National Action Plan for Vulture Conservation, 2020-2025

The National Action Plan for Vulture Conservation, 2020-25 was recently approved by National Board for Wild life. Vulture numbers saw a steep slide – as much as 90 per cent in some species. While the ministry has been carrying out a conservation project for vultures since 2006, the plan is to now extend the project to 2025 to not just halt the decline but to actively increase the vulture numbers in India. There are nine recorded species of vultures in India – the Oriental white-backed, long-billed, slender-billed, Himalayan, red-headed, Egyptian, bearded, cinereous and the Eurasian Griffon. Between the 1990s and 2007, numbers of three presently critically-endangered species–the Oriental white-backed, long-billed and slender-billed vultures – declined massively with 99 per cent of the species having been wiped out.

The number of red-headed vultures, also critically-endangered now, declined by 91% while the Egyptian vultures by 80%. The Egyptian vulture is listed as ‘endangered’ while the Himalayan, bearded and cinereous vultures are ‘near threatened’.

Key Highlights of the Plan

The new plan automatically removes veterinary use of a drug if it is found to be toxic to vultures.
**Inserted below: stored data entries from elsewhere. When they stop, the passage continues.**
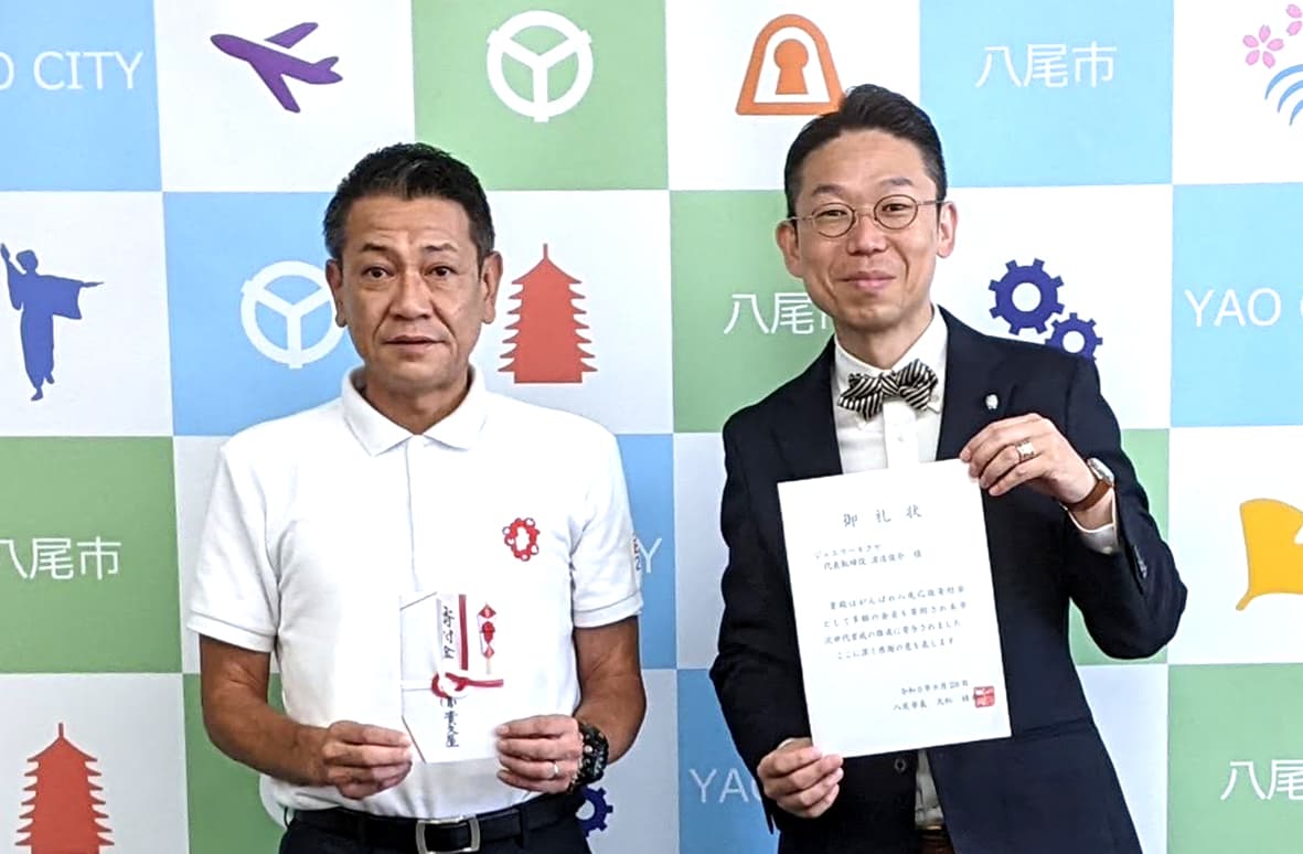 毎年、八尾市役所にて市長へ直接手渡す形で寄付を行っており、地域に根ざした企業として継続的に社会貢献活動を行っています。
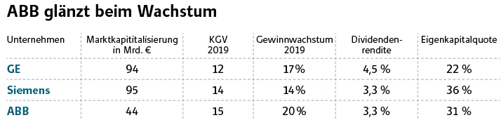 Dank Elektro-Infrastruktur und Roboter-Know-how wächst ABB schneller als die Rivalen Siemens und GE. Diese weisen zwar ähnlich hohe Dividendenrenditen und ein günstigeres KGV auf, Anleger suchen die Wettbewerber jedoch vergeblich auf der „Change the world“-Liste.
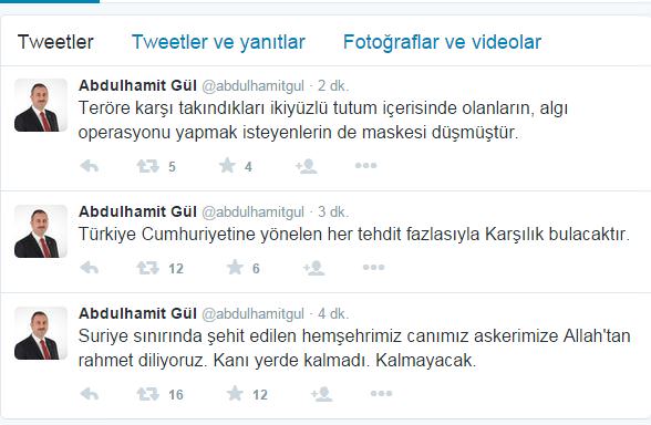 AK Parti Genel başkan Yardımcısı Abdulhamit Gül, twitter adresinden şehit olan asker için baş sağlığı dilerken algı operasyonu yapmak isteyenlerin de maskesinin düştüğünü açıkladı.

This is to be done with the help of Drugs Controller General of India.

Under the plan, every state will host at least one vulture safe zone to conserve the remnant population of vultures in the state. These centres will facilitate conservation and breeding of vultures.

A coordinated Nation-wide vulture counting is to be conducted by the Bombay Natural History Society, Forest Department, non-profit organisations, Research Institute, etc. These countings are to be conducted at regular intervals.

Additional Conservation Breeding Centres are also being planned across the country, along with Vulture Conservation Centres with samples and information collected from the wild, analysed and stored at these centres – one each in Uttar Pradesh, Tripura, Maharashtra, Karnataka and Tamil Nadu. Four rescue centres have been proposed for different geographical areas like Pinjore in the north, Bhopal in central India, Guwahati in Northeast and Hyderabad in South India.